Process chemists—tasked with scaling up milligram discoveries to kilogram pilot plant runs—value predictable behavior. They recognize that every switch in raw material, solvent, or purification step brings the risk of process deviation. 2-Nitro-5-bromopyridine’s track record in pilot plant studies proves its worth. Purification by crystallization or careful chromatographic separation results in product batches that match lab-scale standards. As a result, finished intermediates maintain both analytical purity and compliance with regulatory guidelines for impurity levels, especially in the pharmaceutical sector.
In recent years, more chemists have started investigating the sustainability footprint of their materials, and 2-Nitro-5-bromopyridine’s use fits squarely within debates over green chemistry. The challenge lies not just in minimizing hazardous solvents or optimizing atom economy, but also in minimizing the environmental persistence of both input chemicals and their byproducts. For those willing to dig into the literature and pilot new methods, plenty of work has focused on making the synthesis of 2-Nitro-5-bromopyridine more environmentally responsible—options like solvent-free conditions, milder oxidants, or renewable starting materials are now under the microscope. For some process chemists, that means adopting catalytic methods that cut down on waste, or reusing solvent streams where practical.
Substitution patterns in pyridines also affect long-term persistence in soil or water.

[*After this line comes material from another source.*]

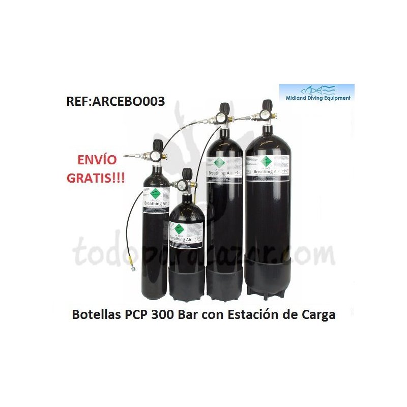 Lo que si te digo, es que no te asustes. Aquí, casi todos los que tienen PCP y tienen un sitio de recarga cerca, utilizan botellas. Ademas de que es normal que las haya en los campos de tiro para cargar las carabinas. Las de tiro olimpico ahora también son de PCP. O incluso los bomberos y los equipos autónomos de respiración también usan botellas de 300 BAR.

Here, the bromine atom represents a trade-off—versatile for synthesis, but requiring careful management at the end of a molecule’s life cycle. Responsible labs now routinely track and neutralize organobromine-containing waste. As pressure to demonstrate greener synthetic pathways grows, research teams keep a close eye on both the practical chemistry and the full life-cycle of their building blocks. Those priorities filter back into stockroom ordering and eventually into new grant proposals or investment pitches.

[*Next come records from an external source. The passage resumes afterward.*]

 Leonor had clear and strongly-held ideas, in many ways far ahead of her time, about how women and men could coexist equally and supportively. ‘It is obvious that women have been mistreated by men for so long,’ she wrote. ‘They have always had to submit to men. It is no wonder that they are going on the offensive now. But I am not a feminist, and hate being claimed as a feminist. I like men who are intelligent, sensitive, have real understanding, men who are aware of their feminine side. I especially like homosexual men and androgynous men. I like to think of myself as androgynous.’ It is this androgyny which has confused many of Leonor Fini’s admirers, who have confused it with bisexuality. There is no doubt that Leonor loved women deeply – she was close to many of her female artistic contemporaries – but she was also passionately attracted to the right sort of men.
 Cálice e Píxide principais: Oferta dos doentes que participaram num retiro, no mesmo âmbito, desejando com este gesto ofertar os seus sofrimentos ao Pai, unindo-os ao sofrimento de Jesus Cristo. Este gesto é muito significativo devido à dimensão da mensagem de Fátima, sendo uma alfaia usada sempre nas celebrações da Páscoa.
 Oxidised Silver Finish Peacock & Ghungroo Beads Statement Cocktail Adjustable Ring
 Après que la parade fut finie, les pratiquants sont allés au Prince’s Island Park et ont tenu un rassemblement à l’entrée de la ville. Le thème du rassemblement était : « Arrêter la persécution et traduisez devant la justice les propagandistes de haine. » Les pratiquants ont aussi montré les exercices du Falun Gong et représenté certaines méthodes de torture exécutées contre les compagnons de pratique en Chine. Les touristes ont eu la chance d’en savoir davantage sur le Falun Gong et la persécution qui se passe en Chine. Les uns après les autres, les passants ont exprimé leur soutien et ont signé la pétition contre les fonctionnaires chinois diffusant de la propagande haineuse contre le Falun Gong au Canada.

A reliable laboratory needs trusted foundations, and for synthetic chemists, that means access to pure, versatile intermediates. Throughout its history, the field has rewarded those willing to refine processes, share data, and demand quality from suppliers. In my own experience, those ambitions pay off, especially with multifaceted molecules like 2-Nitro-5-bromopyridine. Those who rely on makeshift substitutes or ignore small impurities pay for it in time, money, and often lost opportunities. The future depends on a culture of open conversation—across industry, academia, and supply chains—to keep standards high and research goals within reach.

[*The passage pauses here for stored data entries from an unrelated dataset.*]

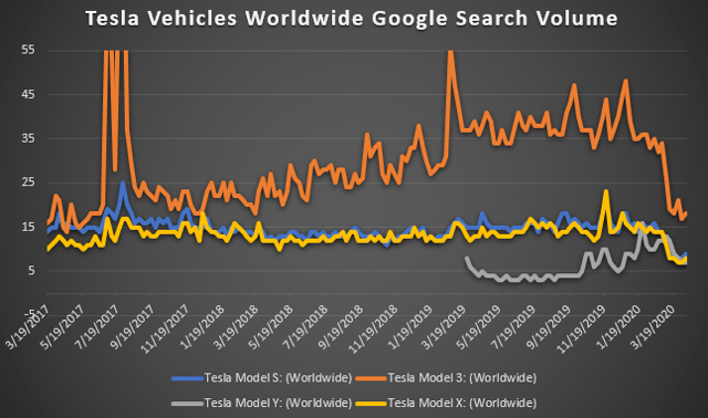 Comme vous pouvez le voir ci-dessous, le volume de recherche global pour chaque modèle Tesla a diminué de 30 % (modèle Y) à 65 % (modèle X) depuis la fin décembre :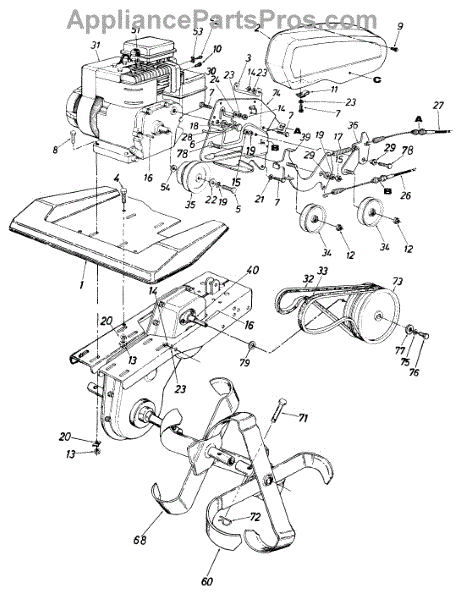 Flat washer used on tillers and outdoor power equipment. Installs under bolts or nuts to distribute load and prevent loosening. Replace if cracked or missing.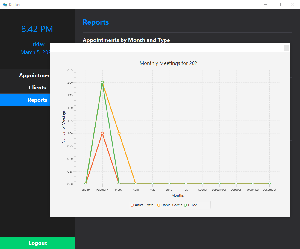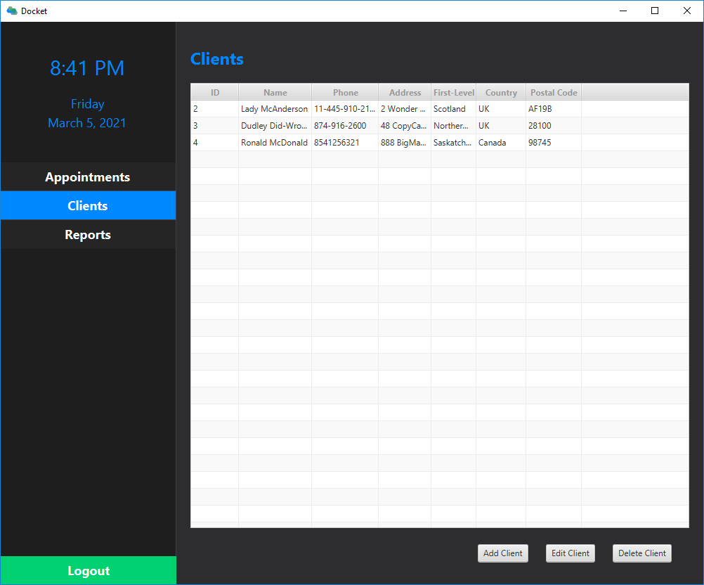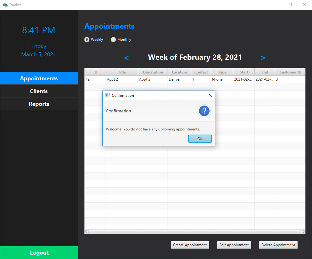 This Java application tracks customers, contacts, and appointments. Tracking business appointments can be a powerful tool to maintain relationships with clients and making sure you are maximizing potential business prospects. Persistant data is stored in a MySQL database. The UI will automatically switch between English and French depending on your computer's language settings.

Thanks to rapid advances in analytical science and better communication between manufacturers and end-users, researchers expect ever-higher standards for reagents like 2-Nitro-5-bromopyridine. Instead of settling for “good enough,” the best chemists tie their reputations to transparent sourcing and rigorous batch validation. Whether working on next-generation therapeutics, new crop protection agents, or probing the boundaries of heterocyclic chemistry, the foundation is always the same: one well-selected building block opens doors for countless innovations down the line. 2-Nitro-5-bromopyridine, with its carefully balanced reactivity, has shaped many of those discoveries—and promises to serve science well for years to come.